Minimal Arithmetic is Sigma 1 Complete
Theorem
Let $\phi$ be a $\Sigma_1$ sentence in the language of arithmetic.
Suppose $\N \models \phi$.
Then $\phi$ is a theorem in minimal arithmetic.
Proof
By definition of $\Sigma_1$, $\phi$ is logically equivalent to:
- $Q_1 Q_2 \dotsm Q_k \map \psi {x_1, x_2, \dotsc, x_k}$
where $\psi$ is a WFF with no quantifiers.
Proceed by induction on the number of quantifiers in the formula.
Basis for the Induction
Let $x_1, x_2, \dotsc, x_k \in \N$ be natural numbers.
Let $\sqbrk x$ denote the unary representation of $x$.
By Quantifier-Free Formula of Arithmetic is Provable:
- $\map \psi {x_1 \gets \sqbrk {x_1}, x_2 \gets \sqbrk {x_2}, \dotsc, x_k \gets \sqbrk {x_k} }$
is a theorem whenever $\N \models \map \psi {\dots}$.
Induction Hypothesis
Let $\psi$ be a WFF with $n$ quantifiers and $k - n$ free variables.

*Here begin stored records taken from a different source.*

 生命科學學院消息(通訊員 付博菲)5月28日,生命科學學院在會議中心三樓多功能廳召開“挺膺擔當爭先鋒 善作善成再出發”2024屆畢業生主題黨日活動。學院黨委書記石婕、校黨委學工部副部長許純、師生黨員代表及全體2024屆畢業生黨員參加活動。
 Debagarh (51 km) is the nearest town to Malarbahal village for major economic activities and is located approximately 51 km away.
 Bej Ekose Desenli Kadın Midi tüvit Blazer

Suppose that, for every $x_1, x_2, \dotsc, x_{k - n} \in \N$ such that:
- $\N \models \map \psi {x_1 \gets \sqbrk {x_1}, x_2 \gets \sqbrk {x_2}, \dotsc, x_{k - n} \gets \sqbrk {x_{k - n} } }$
it follows that:
- $\map \psi {x_1 \gets \sqbrk {x_1} \dotsc, x_{k - n} \gets \sqbrk {x_{k - n} } }$
is a theorem.
Induction Step
Suppose the $k - n$-th quantifier is existential.

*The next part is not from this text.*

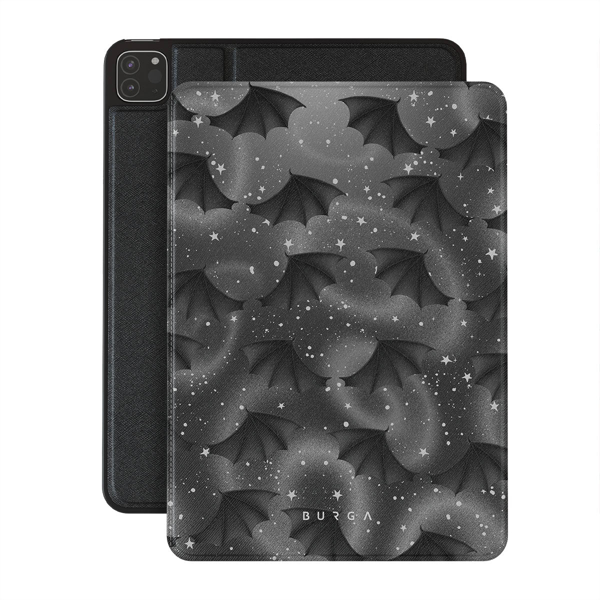 Typické pro tento motiv: netopýří křídla, hvězdy, mystické víry, černé nebe

The step follows from Existential Quantification of Provable Arithmetic Formula is Provable.
Suppose instead that the $k - n$th quantifier is bounded universal.
The step follows from Bounded Universal Quantification of Provable Arithmetic Formula is Provable.
$\Box$
By Principle of Mathematical Induction, the statement holds in particular for $n = k$.
That is, when there are no free variables, and every quantifier has been considered.
$\blacksquare$